Emily stood, placed the blanket and e-reader on the chair and walked toward him.
Jase shook his head. “You’re too good for that, Em. Too good for him. I’m sorry I lashed out, but I still hate that you—that anyone—has seen that piece of who I am.”
“No.” She stepped into his space until
she could feel his breath whispering over the top of her head. “You’re too good to give in to that shame. Where you came from doesn’t change who you are now.”
“Are you kidding?” He didn’t move away from her but leaned back against the porch rail as if he needed space. “That trailer and what it represents made me who I am. The night in my front yard, you said I was perfect, and I know what my reputation is around town. Nice Jase. Sweet Jase. Perfect Jase. No one sees anything else because I don’t let them. Everyone thinks I work so damn hard despite my family’s reputation in Crimson. I work hard because of where I came from. Because I’m scared to death if I don’t, the poison that has crushed the self-respect of so many people in my family will take me down, too.”

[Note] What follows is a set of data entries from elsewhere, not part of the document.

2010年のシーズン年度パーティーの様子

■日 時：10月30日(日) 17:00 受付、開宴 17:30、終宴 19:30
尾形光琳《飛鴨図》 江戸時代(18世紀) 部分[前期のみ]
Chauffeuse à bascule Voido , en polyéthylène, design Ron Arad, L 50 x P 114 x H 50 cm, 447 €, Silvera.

Something dark and dangerous flashed in his eyes and she saw who he was under the Mr. Perfect veneer he’d spent years polishing to a bright shine. He was a man at the edge of his control and a part of her wanted him to shuck off his restraint. With her. Yes. She could handle it. She would welcome whatever he had to offer.
He blinked, and the moment was gone. His chest rose and fell like he’d sprinted up Crimson Mountain. She placed her hand on it, fingers splayed, and felt his heartbeat thrumming under her touch. “You aren’t your father.” She said the words softly and felt his breath hitch. “I know what it’s like to want to prove something so badly it makes you into someone you’re not. Someone fake and false. You’re real, Jase. Not perfect. Real.”

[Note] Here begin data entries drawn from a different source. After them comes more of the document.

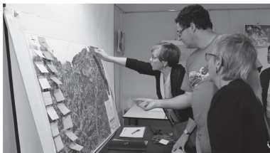
Aldundiko bilera Villa Mirentxun egin dira.

dezakete Astigarraga, Andoain, Lasarte-Oria, Hernani, Urnieta eta Usurbilgo herritarrek.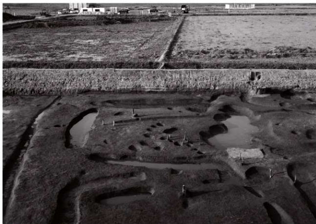
(1)ST 6 全景(南より)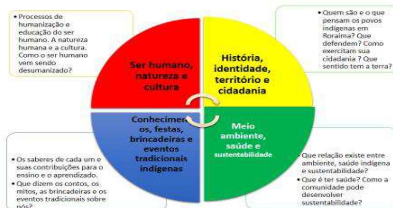
Figura 3 – Fluxograma exemplo de contexto cultural e conhecimentos vinculados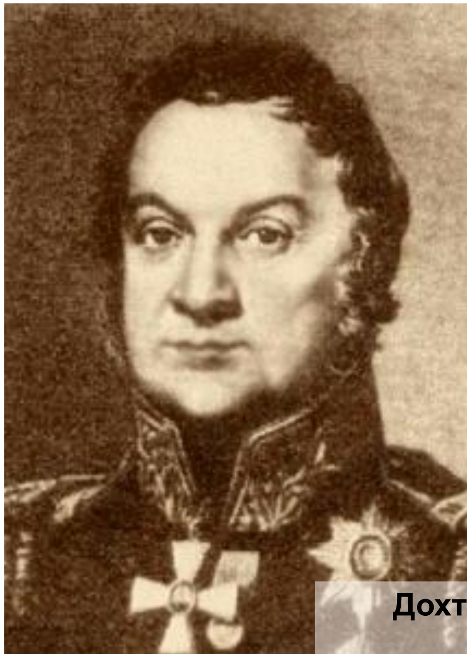
Дохтуров Дмитрий Сергеевич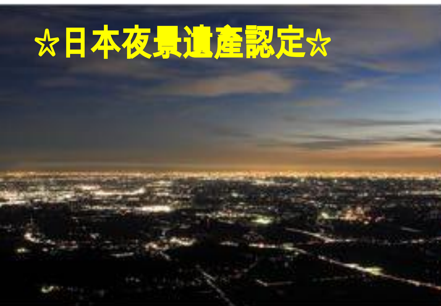
從空中纜車上看到的關東平原夜景在寂靜中閃耀著的陸上星光

“I’m sorry,” he said again, lifting his palm to press it over her hand. “For what I said and how I treated you.”
She let a small smile curve her lips. “I think this makes us even.”
“You did good today. In my office and with my dad. Thank you.”
This was the part where she should step away. If they were even, it was a fresh start. But she couldn’t force herself to move. Emily might not believe in perfect, but she had learned to appreciate real. The knowledge that Jase was different than she’d assumed both humbled and excited her. Of all people, she should have known not to judge a person by who they were on the outside. She’d built an entire life on outward impressions only to watch it crumble around her.